- PROBLEM TO SOLVE:
Write out, exactly and in full, the line where "90元!天虹牌 纯坚果礼盒 1100g 6罐 送开心果490g" appears together with all lines that follow it in the entries below. Do not include pictures.

- SUPPLIED MATERIAL:
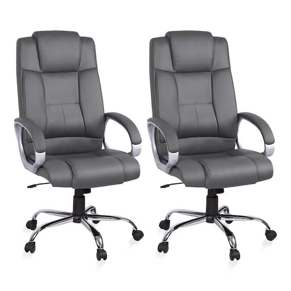 Faux Leather Adjustable Height High Back Executive Office Chair in Gray Set of 2
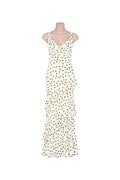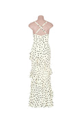 The Sabrina Dress is a gorgeous ruffle style maxi dress in a cream and black polka dot print. By showcasing a draped cowl neckline and adjustable cross straps at the back, finished with fitted waistline and frill details on bottom making it the perfect event dress.
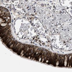 - Immunohistochemical staining of human bronchus shows strong cytoplasmic positivity in respiratory epithelial cells.
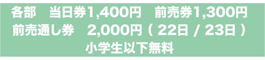 ただし、CNプレイガイド(ファミリーマート、セブンイレブン)の前売通し券(14日 / 15日)は各日100枚限定です。お早めの購入をおすすめいたします!
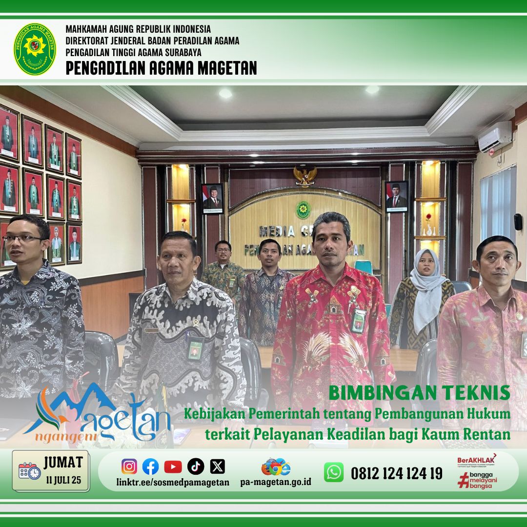 Magetan | pa-magetan.go.id | PA Magetan ikuti Bimtek Pelayanan Hukum Bagi Kaum Rentan. Bertempat di Ruang Media Center, Wakil Ketua Pengadilan Agama Magetan, Bapak Huda Lukoni, S.H.I., S.H., M.H., bersama para hakim mengikuti kegiatan Bimbingan Teknis secara daring pada Jumat (11/7/25) pukul 08.00 WIB. Kegiatan ini dilaksanakan secara online yang bekerja sama dengan Bappenas. Tema yang diangkat adalah “Kebijakan Pemerintah tentang Pembangunan Hukum terkait Pelayanan Keadilan bagi Kaum Rentan.” Acara ini dihadiri oleh peserta dari berbagai satuan kerja di seluruh Indonesia.
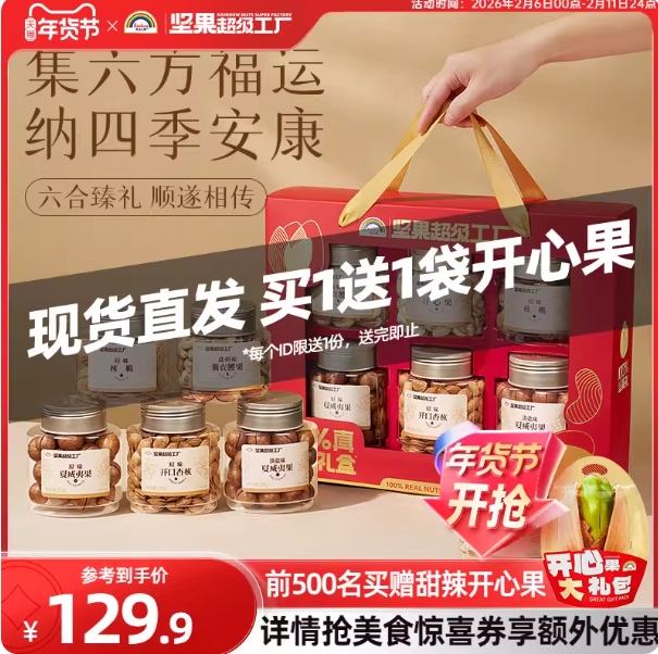90元!天虹牌 纯坚果礼盒 1100g 6罐 送开心果490g
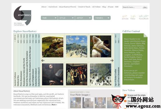 SmartHistory 是一个在线艺术史多媒体展播平台,可以按照时代、风格、艺术家等多种方式浏览艺术作品,许多作品还配有视频解说。网站本身也挺赞,还加了Flickr、Twitter等许多2.0的工具可以用。Smarthistory,可以理解为智慧的历史 – 一部人类艺术史的视频百科全书网站,从洞穴壁画到现代艺术无所不包。其特点是整个网站没有文字性的介绍,甚至没有插图,全部由视频内容组成。...
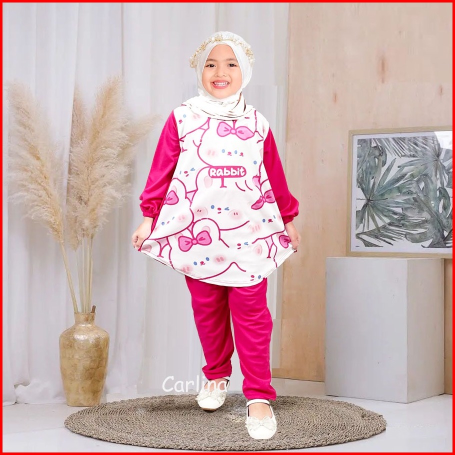 Carlina Setelan Rabbit Anak Perempuan Baju Dan Celana Panjang 3-13 Tahun
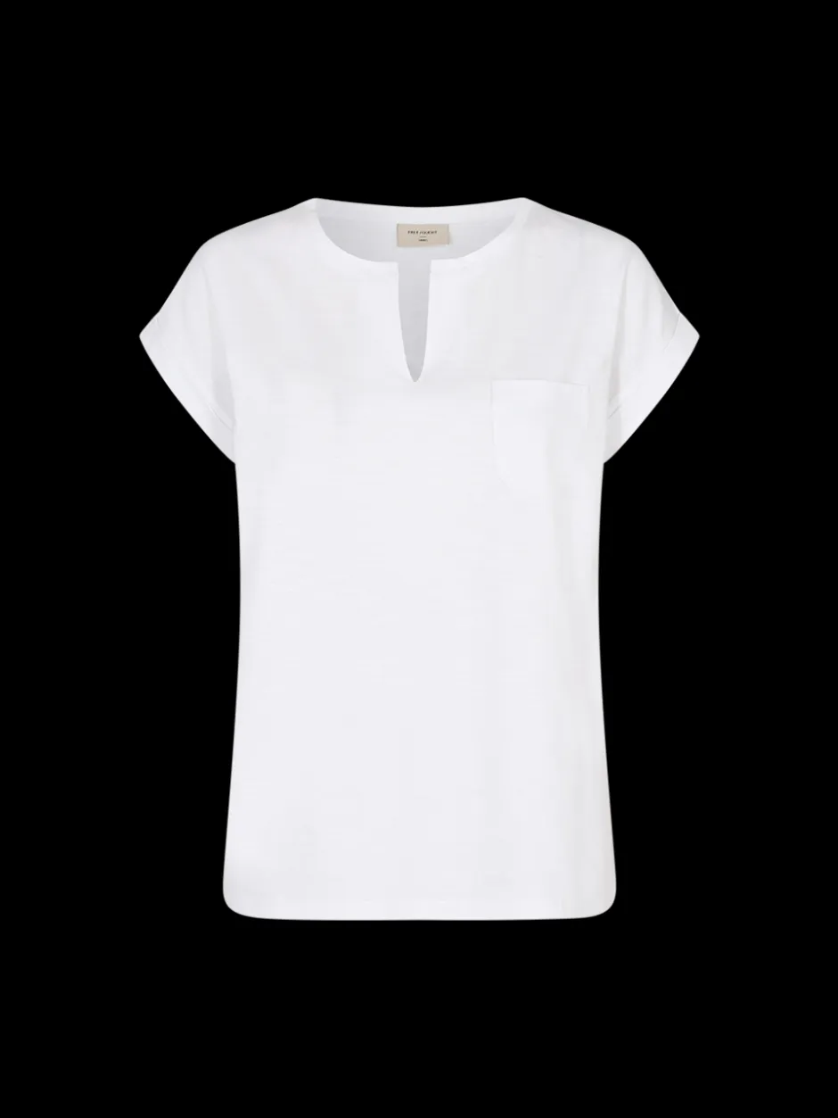 Naisten lyhythihainen t-paita. Pyöreä pääntie, edessä pieni halkio. Hihansuiss akäänteet.

- FINISHED TASK:
90元!天虹牌 纯坚果礼盒 1100g 6罐 送开心果490g
 SmartHistory 是一个在线艺术史多媒体展播平台,可以按照时代、风格、艺术家等多种方式浏览艺术作品,许多作品还配有视频解说。网站本身也挺赞,还加了Flickr、Twitter等许多2.0的工具可以用。Smarthistory,可以理解为智慧的历史 – 一部人类艺术史的视频百科全书网站,从洞穴壁画到现代艺术无所不包。其特点是整个网站没有文字性的介绍,甚至没有插图,全部由视频内容组成。...
 Carlina Setelan Rabbit Anak Perempuan Baju Dan Celana Panjang 3-13 Tahun
 Naisten lyhythihainen t-paita. Pyöreä pääntie, edessä pieni halkio. Hihansuiss akäänteet.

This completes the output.